As I stepped outside this morning to gauge the temperature my senses were assaulted by the sounds of hundreds of birds singing joy from the Shadow Wood. One perched nearby seemed to be proclaiming, “hello, hellooooo!” as the geese glided gracefully across the pond. A chilly early spring breeze blew strong, threatening to topple the potted plants I had just placed on the side porch to reintroduce them to the outdoors once again after spending winter inside.
Sometimes I pinch myself. I can’t believe I live here.
It’s been eight months since we moved to Arundelle Green, so this is our first experience with Spring on these eight acres. I was working in the goat pens just yesterday, preparing shelters for our doelings and buckling who will come home soon, and noticed the tree that was lucky enough to be enclosed within the fencing is loaded with buds.
From what I can see, it looks like the flowers will be white.
I have been consumed with preparations for the mini-farm we are building. It has been a true source of joy to wield power tools as I built a simple three-sided shelter and converted a dog kennel into a safe nighttime haven to protect our kids from coyotes. We are also on the hunt for a Great Pyrenees mix to grow up alongside the goats as their friend and protector, and plans for the chicken coop are coming along.

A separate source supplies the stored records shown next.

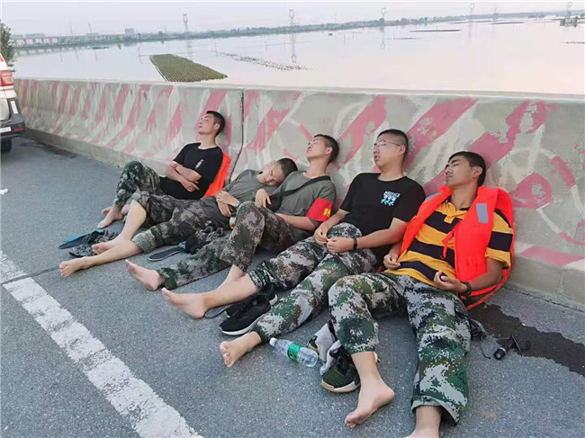 遵從集中專業(yè)優(yōu)勝的原則,田留青重新被調(diào)整到衛(wèi)輝救援第一線去。途徑共產(chǎn)主義渠大橋時(shí)他們接到就近轉(zhuǎn)移過河群眾的任務(wù),田留青迅速下車,在炎熱的太陽下維持秩序、轉(zhuǎn)移上下船群眾。盡管頭部被曬傷,胳膊上也起了大面積的水泡,但他始終沒有停下腳步,連續(xù)奮戰(zhàn)十三個(gè)小時(shí),直到與其他救援隊(duì)輪換休息,疲憊的他才靠著橋的護(hù)欄坐下來,稍微休息一下。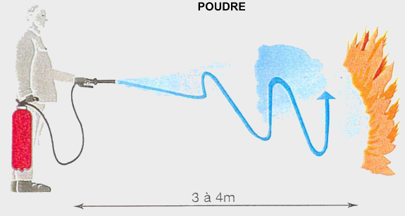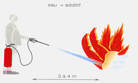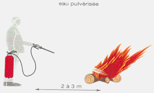 5. Attaquer le feu à la base des flammes et à la distance préconisée pour l’agent extincteur utilisé.
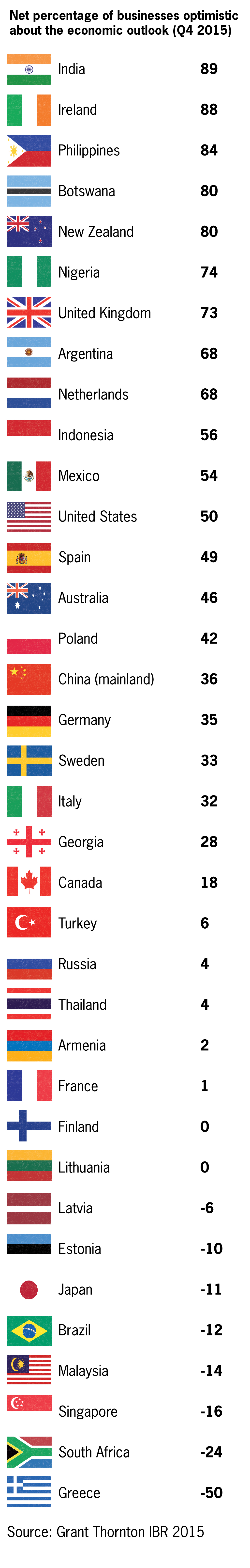 The IBR reveals that Ireland (88%), the UK (73%) and the Netherlands (68%) are the EU’s most optimistic economies at the start of 2016. UK firms in particular have reported big increases in their expectations for exports and profitability over the year ahead. Germany, the region’s biggest economy, remains optimistic but is down from 46% to 35% in Q4. This is partly due to profitability expectations falling from 50% six months ago to just 5% today.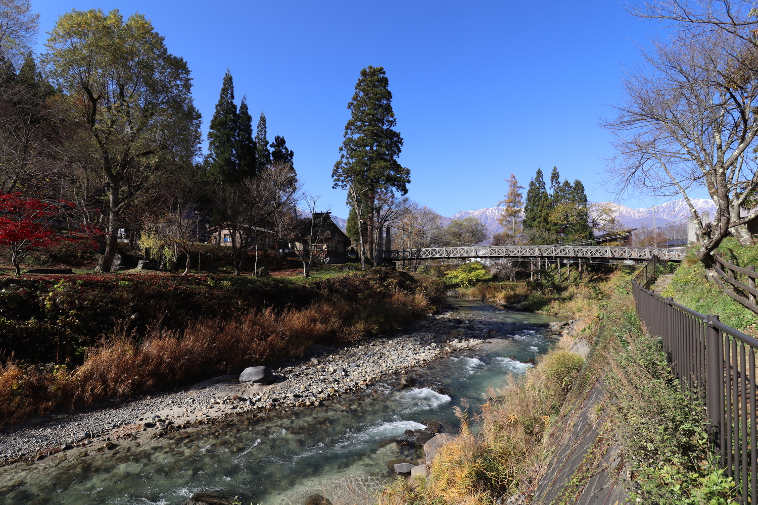 紅葉した木々と、雪化粧をした北アルプスの山々のコラボもとてもすてきでした。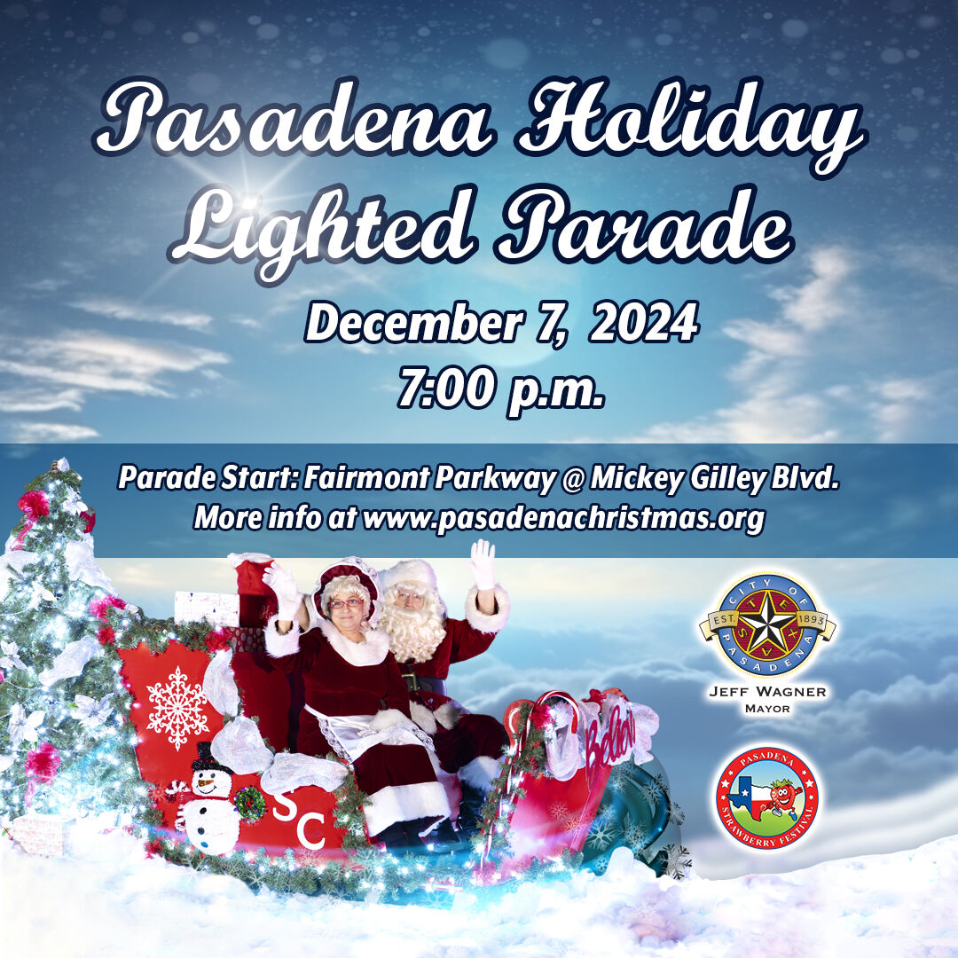 Join us tomorrow, December 7, 2024, at 7 PM for the City of Pasadena's Holiday Lighted Parade! Our talented students, including multiple bands from across the district, will perform alongside countless of community floats and rides! The parade will start at Fairmont Parkway @ Mickey Gilley Blvd.Β For more details, visit Pasadenachristmas.org.

With the completion of the Library my attention has turned to organizing my office. It is kind of a mess right now! There are so many random things in baskets that I don’t even know half of what is in there. I’ll probably be tossing a lot of unused and unneeded items, which will leave some shelves empty. And that’s ok. White space is healthy.
Speaking of white space…
Life at home has been incredibly busy and my days are full, which made me realize I need to simplify. Pull back. Focus on what is at my fingertips and do that well. So I did and I am. I had spent the past few months overcommitted and stretched thin. I struggled to sleep and struggled even more to focus and enjoy something as routine as a movie night with my family because the lists running through my mind were relentless. So I tore up some lists, quit a few things that were good but not best for me in this season, and intentionally created margin where I had none, space for quiet because I need to hear the whisper of God and snuggle my teenagers.
Just in time, too, for all around us Creation is putting on a spectacular show. The daffodils are in full bloom and I have been picking up potted flowers here and there to fill my side porch with color.
A mama goose is heavy with eggs and her mate stays faithfully with her, awaiting their tiny arrivals even when the rest of the flock is soaring high above. Sunsets have been spectacular, creating a golden hour that is magical.
The Shadow Wood, bare from winter, is beginning to come alive with green.
Soon, the roses will be blooming and vegetables will fill my gardens. In all these things, God speaks to me. He reminds me of the patterns of life that have been in place long before I was even born. The repetition of the seasons, the predictability of a dogwood blooming, seedlings emerging from prepared soil, echo His faithfulness and care.
I don’t want to miss any of this, and in my busyness I was becoming fearful that I would. I needed to take time to slow down and see what is right in front of me, the beauty of Creation coming alive to declare the glory of the Creator. Busyness makes me blind. Lack of margin leaves me exhausted. He says to be still, and if we are wise we will heed those words.
For in the stillness there is a breeze blowing, cattle lowing in the distance and the sound of water bubbling along the creek as the farmer down the road drops a fresh bale of hay among his flock of hungry goats. The cardinals are visiting the feeders once again and the blue heron just landed silently along the waters edge.
Beauty abounds if only we will stop and allow our senses to take it in. Spring is arriving in all it’s glory here, at Arundelle Green.